● **WHAT IS REQUIRED**: Exactly the lines below, starting with the one containing "犬・猫用 目やに 涙やけ" and going on through the one containing "1102-1106年宋朝崇寧", must be reproduced, both ends included, and no pictures with them.

● **SUPPLIED DATA**:
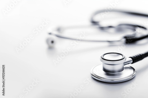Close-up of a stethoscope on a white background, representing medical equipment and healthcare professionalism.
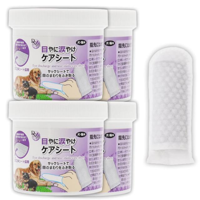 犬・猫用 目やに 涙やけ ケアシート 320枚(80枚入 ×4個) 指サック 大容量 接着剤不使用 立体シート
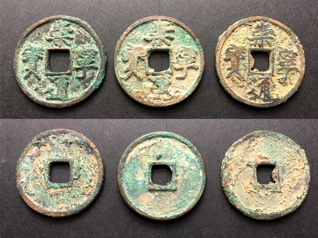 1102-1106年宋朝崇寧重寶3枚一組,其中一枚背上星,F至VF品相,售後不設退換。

---

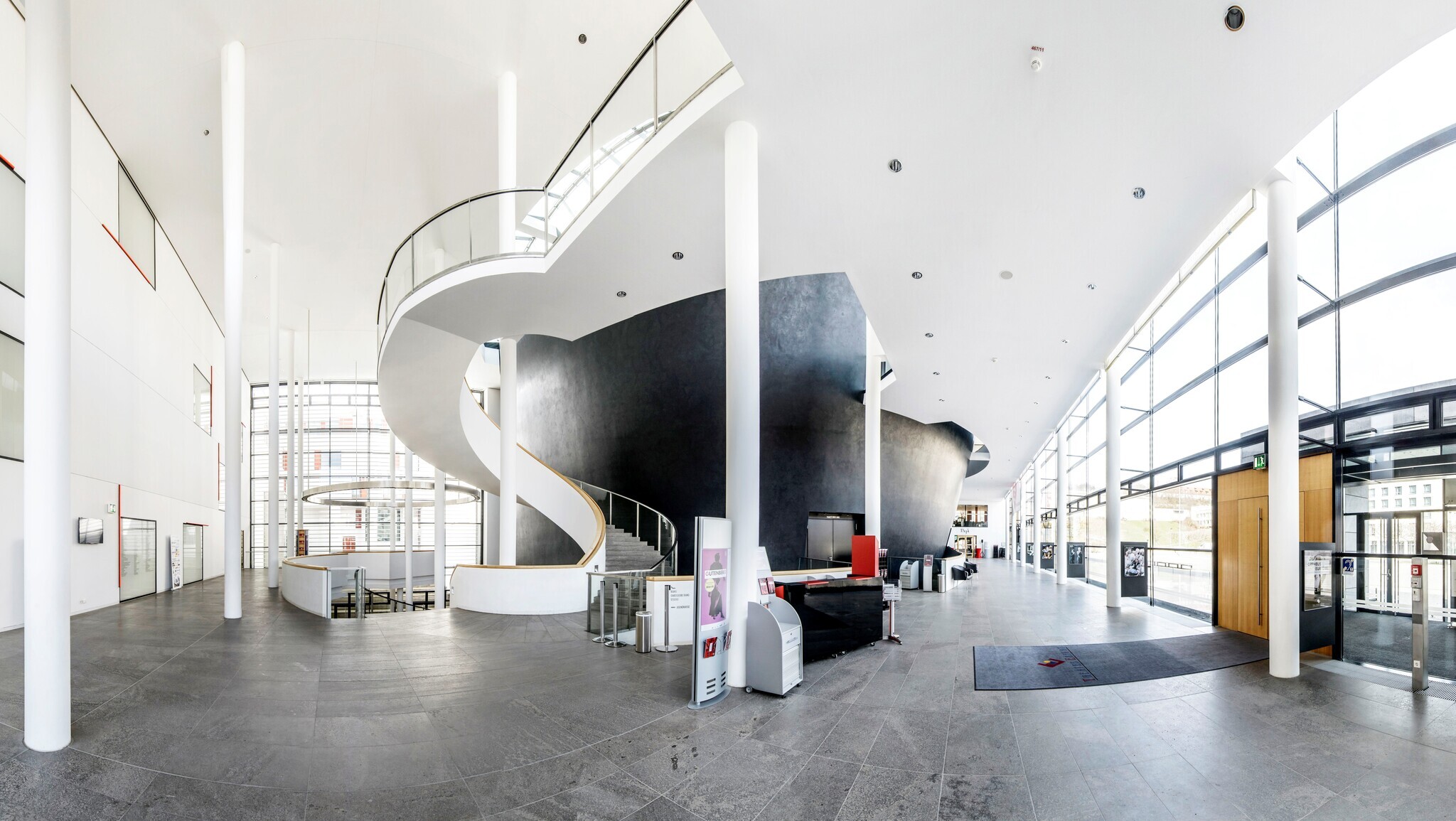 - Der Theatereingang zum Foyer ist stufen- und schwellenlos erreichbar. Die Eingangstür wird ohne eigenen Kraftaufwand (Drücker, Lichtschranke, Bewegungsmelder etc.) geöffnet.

● **TASK ANSWER**:
 犬・猫用 目やに 涙やけ ケアシート 320枚(80枚入 ×4個) 指サック 大容量 接着剤不使用 立体シート
 1102-1106年宋朝崇寧重寶3枚一組,其中一枚背上星,F至VF品相,售後不設退換。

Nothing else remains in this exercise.